For a description of each method and guidance on when to choose it, see Optimization Methods.

Method — the optimizer to run: SQP, Damped Least Squares, Conjugate Gradient, Newton, Newton-CG, DLS multi-start, Differential Evolution, Simulated Annealing, or Try all — keep best. Your choice is remembered across designs.

Max iter — the most steps the optimizer may take. The run still stops early when it converges, so this is just a cap. It defaults to a sensible budget for the selected method.

Restarts (N) — for DLS multi-start only: how many randomly perturbed starts to run before keeping the best (typically 4–8, or more for a tough surface).

Perturbation — for DLS multi-start only: how much to jitter each layer’s thickness (as a percentage) at the start of every restart.

The surface mode and merit-evaluation mode in effect are shown as badges on the window.

While the run is live you see the spectrum update and a running merit-function readout (current value, best so far, and the starting value).

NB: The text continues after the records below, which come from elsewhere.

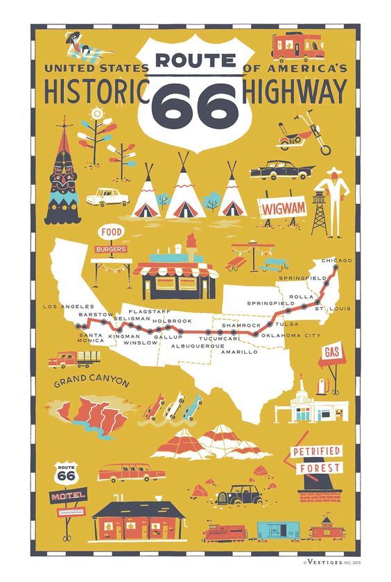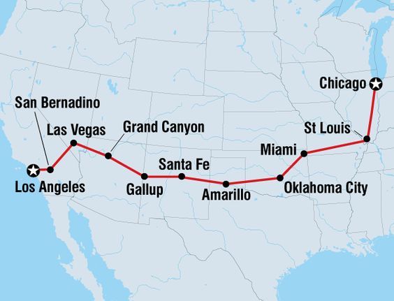 루트 66는 1926년에 건설되어 일리노이 주 시카고 현재의 윌리스 타워 앞에서 캘리포니아 주 로스앤젤레스 산타모니카 비치까지 미국 중서부 8개 주(일리노이, 미주리, 캔자스, 오클라호마, 텍사스, 뉴멕시코, 애리조나, 캘리포니아)를 관통하는 약 3940km(2450마일) 길이의 고속도로'였습니다'. '캘리포니아 드리밍'을 꿈꾸며 동부에서 서부로 삶의 터전을 옮기려는 이주민들의 길이기도 했지요. 소설가 존 스타인벡의 '분노의 포도'에도 등장하고, 가수 엘비스 프레슬리, 밥 딜런의 음악에 '청춘의 추억'으로 노래되기도 했습니다.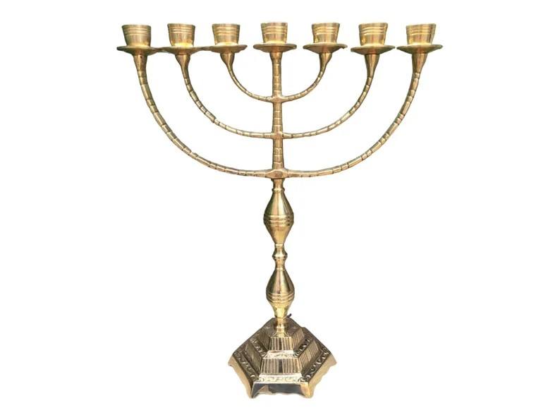 Ménorah classique en métal doré à base arrondie, porte-bougie juif traditionnel, décoration festive pour la maison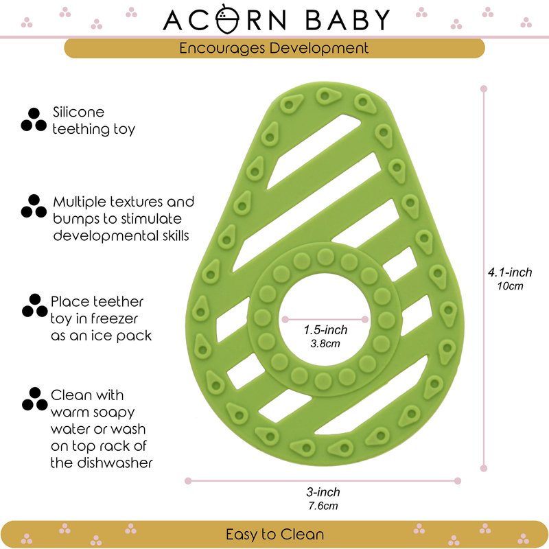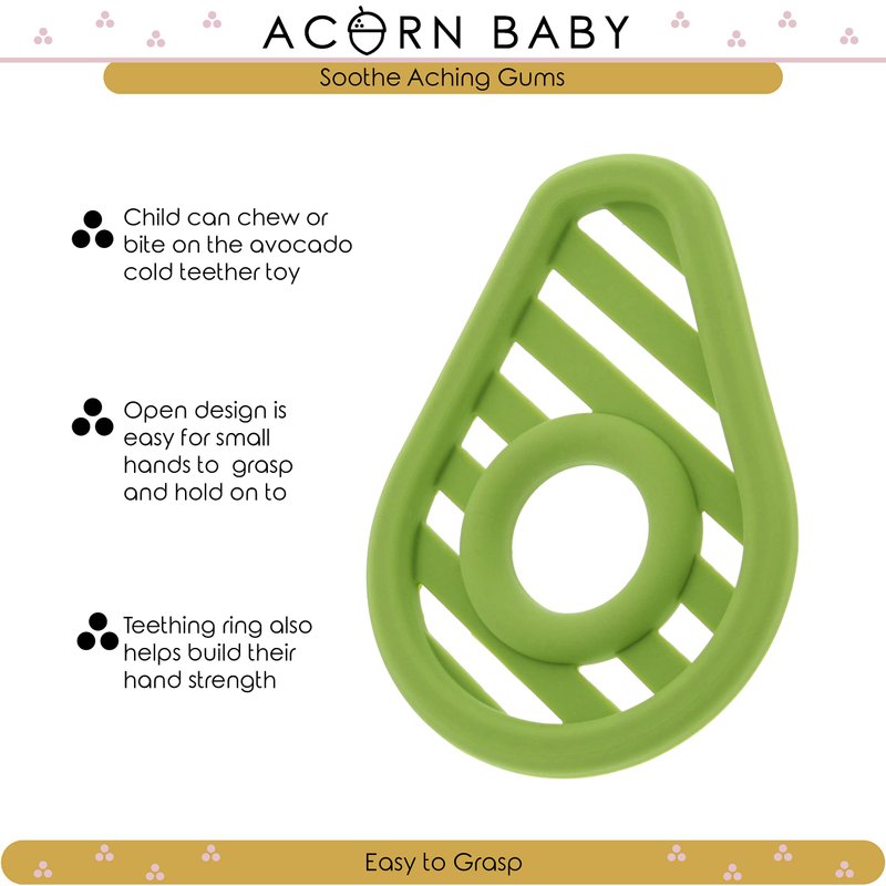 - [Soothe Aching Gums]: Soothe your little one's aching and swollen gums with the Acorn Baby Freezer Teether; Place the avocado shaped teether ring toy in the freezer as an ice pack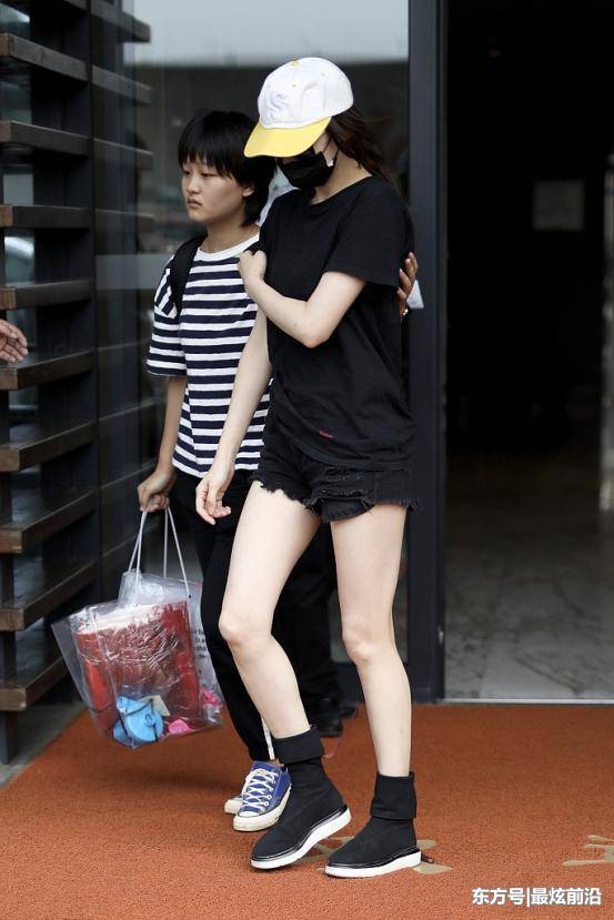 同样是一组机场照,迪丽热巴选择的却是深色系的黑色装。上身是普通的黑色T恤,下身则选择了同色的黑色牛仔超短裤。这身搭配无疑也暴露了迪丽热巴的大长腿。

The MF trend chart plots the best merit found against iteration on a logarithmic axis — a steadily falling curve that flattens out means the method has settled into a minimum.

Reset returns to the thicknesses you had before the run, and a single undo covers the whole run. The History panel keeps a snapshot of each run so you can jump back to any earlier result.

A single-start run (N = 1) is usually enough to re-settle a hand-edited stack. After a synthesis pass, a multi-start run helps confirm you have reached the true local minimum rather than an improved-but-not-bottom point. Minimum and maximum thickness limits are honoured here (they are deliberately relaxed during Needle and Gradual Evolution synthesis).

  • K. Levenberg, Quart. Appl. Math. 2, 164 (1944); D. Marquardt, J. SIAM 11, 431 (1963).
  • J. Nocedal & S. Wright, Numerical Optimization, 2nd ed.
  • H. A. Macleod, Thin-Film Optical Filters, 5th ed., §13.